From my cursory research, Wallnau, Taylor and many if not most of the people who are really in to the “Trump as Cyrus” word—or some permutation thereof—have been influenced by premillennial/apocalyptic as well as other eschatological and theological “flavors” that are not part of my particular worldview stew.

Now I’m not saying I’m right and they’re wrong about these things—though obviously that would be my leaning (otherwise I would believe the way they do, wouldn’t I?), only that it makes me question the precision of their supposed revelations.

These are things that reflective Christians should be aware of when discerning not just prophetic impressions but even Biblical teaching and preaching.

  1. Trump the man. God normally (I would say never, but it’s rarely good to say never when it comes to how God does things) doesn’t do a brain and personality transplant when He anoints someone for a task. He may resurrect them from the dead and turn the lights on (and it has been said that this may have recently happened to Trump. ) But if they were an introvert, or an extrovert, or right-brained, or an “N” on Myers & Briggs scale before they were met by and transformed by Jesus, they will pretty much retain the same wiring, albeit with a new mission, afterwards.

God, for example, used the Apostle Paul to do most of the theological heavy-lifting in the New Testament canon precisely because he was a very learned man in the scriptures even before He got zapped by the Lord on the road to Damascus. Paul may have never actually met Jesus before His death, resurrection and ascension. But a good number of other people did, including twelve disciples that essentially lived with, were discipled by, and listened to His teaching for three years. Yet the majority of them didn’t contribute a peep to the Bible. Why then Paul, who perhaps only met Jesus in a vision? (1 Cor. 15:3-10) Because He was anointed? Sure. But he also had the right stuff; the fissionable raw material that enabled him, with the Holy Spirit’s obvious help, to get his mind around the great truths to which the Old Testament was pointing.

Well, we don’t know a lot about Cyrus the Great. But from what we do know, toQuayleparaphrase Lloyd Bentsen’s response to Dan Quayle in the 1988 debate: “Mr.

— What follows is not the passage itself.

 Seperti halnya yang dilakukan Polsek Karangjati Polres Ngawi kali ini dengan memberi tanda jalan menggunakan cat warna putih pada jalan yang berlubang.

Trump, you’re no Cyrus.”


Cyrus was already both a seasoned governor and a military leader, one who ruled Persia and conquered the Babylonian empire, before he became the deliverer (literally, “anointed one” or “messiah”) of the Jewish people.

Trump avoided the military and has had virtually no governmental experience.

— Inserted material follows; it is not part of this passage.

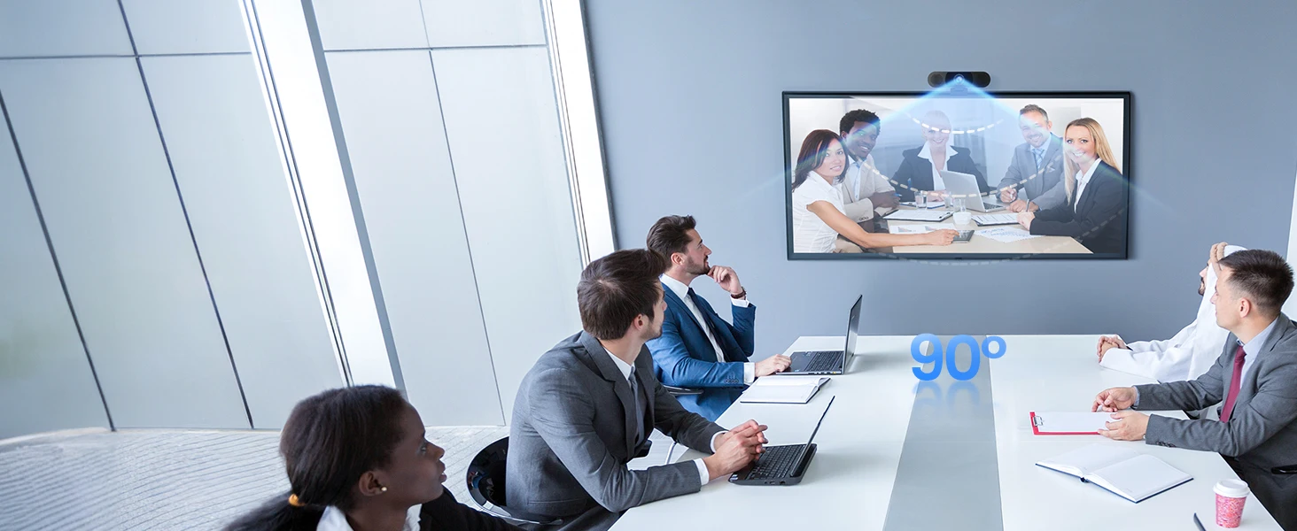 Com um FOV de 90° mais amplo, esta câmera web pode acomodar mais participantes.

Cyrus was a master of diplomacy and inclusion, able to gain respect and fealty from a diverse number of people groups with their disparate cultures and religions.

Donald Trump on the other hand…well not so much, to put it mildly.

From what we can tell, Cyrus was very wise in regards to his speech.

Trump has one of the worst cases of foot-in-mouth disease in American history.

Polls didn’t exist at the time, but if they did Cyrus would have a high approval rating across his vast empire.